The official performance of Annie interspersed the Zoom and in-person scenes throughout the production.  Most musical numbers, such as “It’s a Hard Knock Life” and “Easy Street,” occurred in person with socially distanced choreography.  Freshman Emilia Bernal, who portrayed Tessie, Mr. Harold Ickes, and Ms. Connie Boylan, shared how COVID-19 restrictions changed certain aspects of theatre, yet the camaraderie and commitment remained strong within the cast of Annie. 

The students portraying the orphans in Annie sang the classic “It’s a Hard Knock Life” both over Zoom and in person.  Claire Moore ’22

“I fell in love with theatre and performing because of the release I feel on the stage,” Emilia said.  “The best part for me is being able to express myself in such a welcoming and friendly community.  Another aspect of theatre that I love is spending time with my friends who share the same interests as me and being able to work together to create something wonderful.  These parts of the theatre have shifted under COVID-19 regulations because the time I spend with my friends at rehearsal was mostly over Zoom.  Although the physical circumstances shifted, everyone shared the same goal: to make the best out of the situation we are in.  Ultimately, acceptance was a huge theme for our production this year, and we aimed to do the best that we could.”

Miss Gorman commented on Annie’s continued relevance, specifically how she hopes the idea of finding comfort and connection amidst difficult times will impart optimism upon audiences.  She also thanked the cast and crew for their enduring joy throughout the entirety of the production.

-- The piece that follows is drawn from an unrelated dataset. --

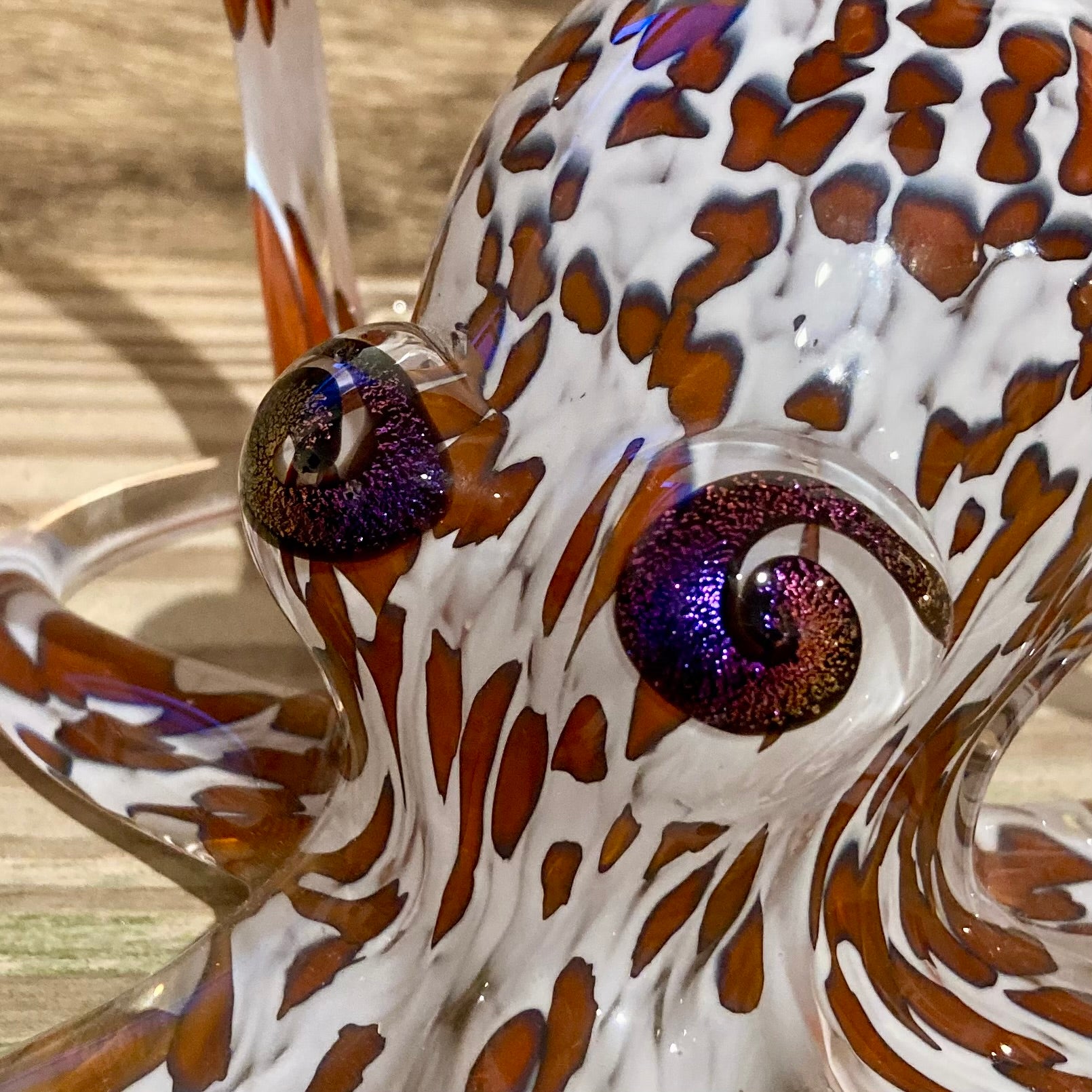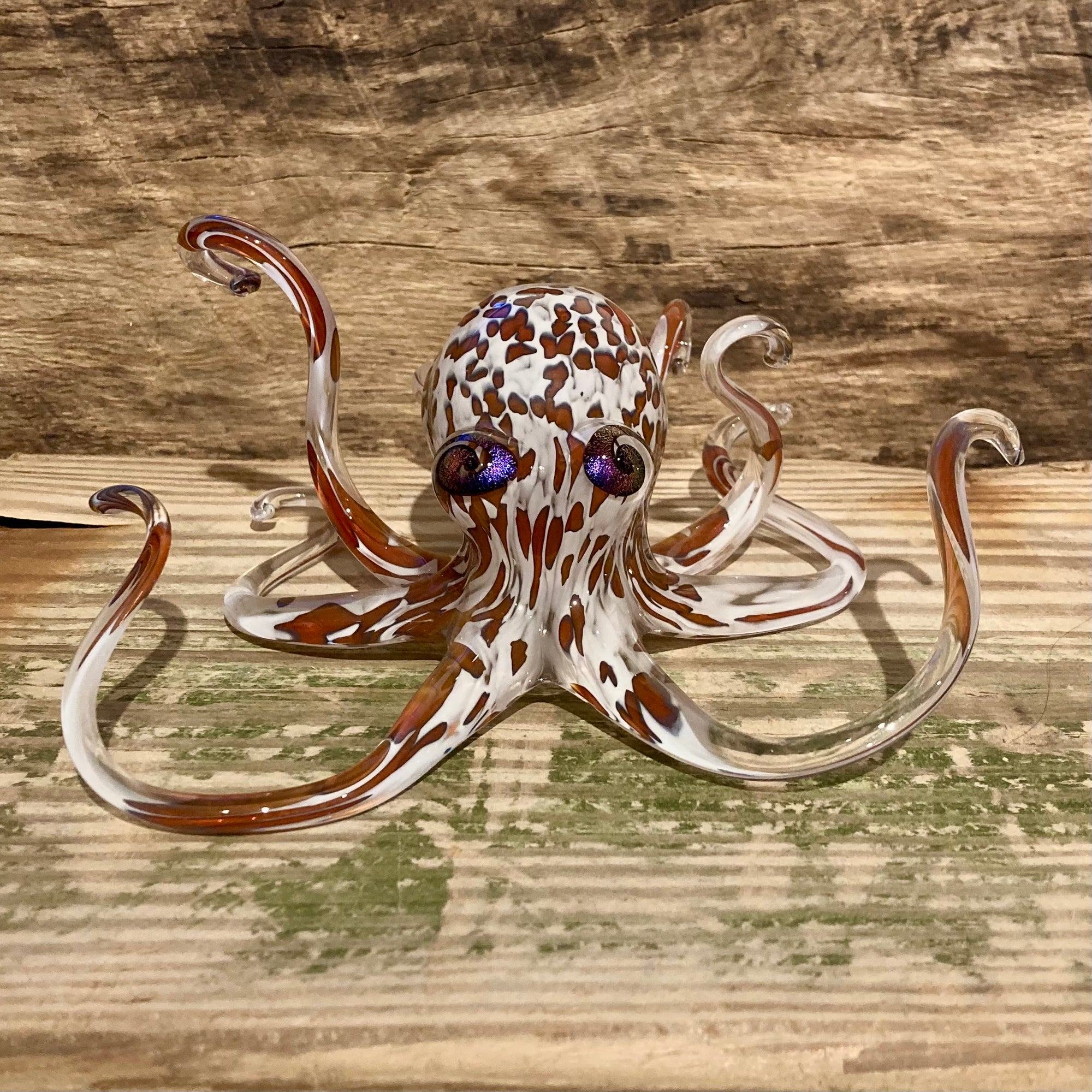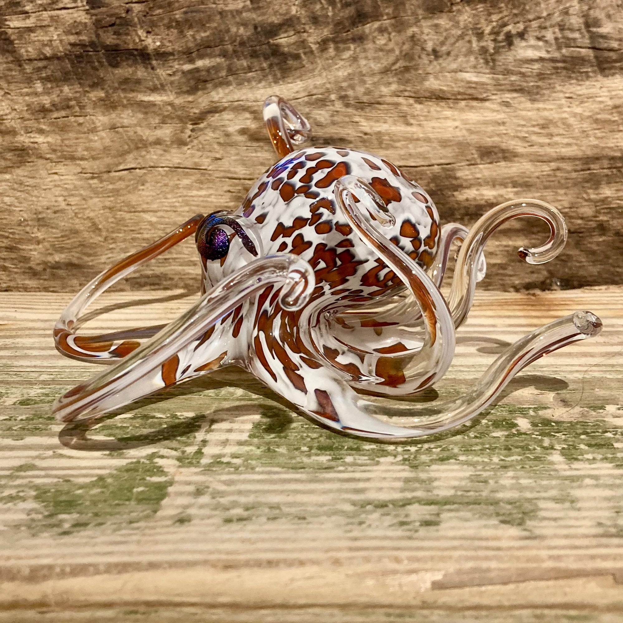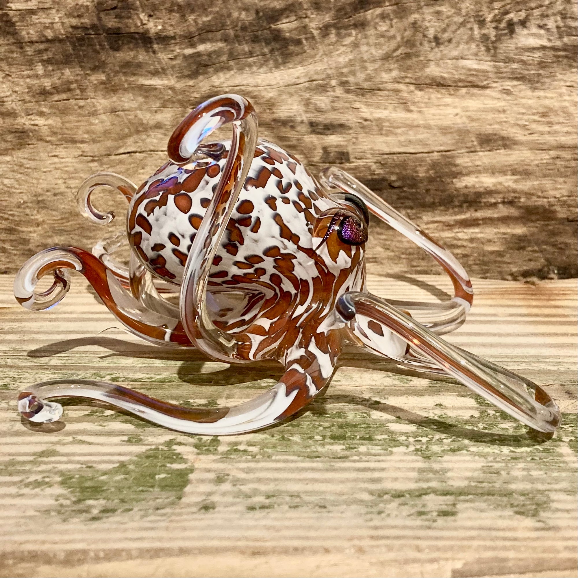 Earth tone and black spots run through this gorgeous piece against an opaline white background, an extraordinarily lifelike combination of colors that makes this octopus come to life. The glittering dichroic glass eyes makes this octopus seem ready to crawl away at a moment's notice.

Annie is set in 1933, several years into the Great Depression,” Miss Gorman said.  “We see Hoovervilles, we see hardship and desperation, we see many harsh realities within the world of the show, but we also see hope for a better tomorrow.  That resonated with me this year because I feel like it echoes so many of the beautiful things I am seeing right now.  I would look at students sitting in a Zoom room for rehearsal after hours of classes, who were still beaming and laughing and forging connections because they were determined to tell this story.  I know that “the sun’ll come out tomorrow” might seem like an overly sentimental or sugary-sweet message on the surface, but that reminder does not feel that way to me right now.  It feels important.  I think it is always good to remember that choosing hope can be a very brave choice.”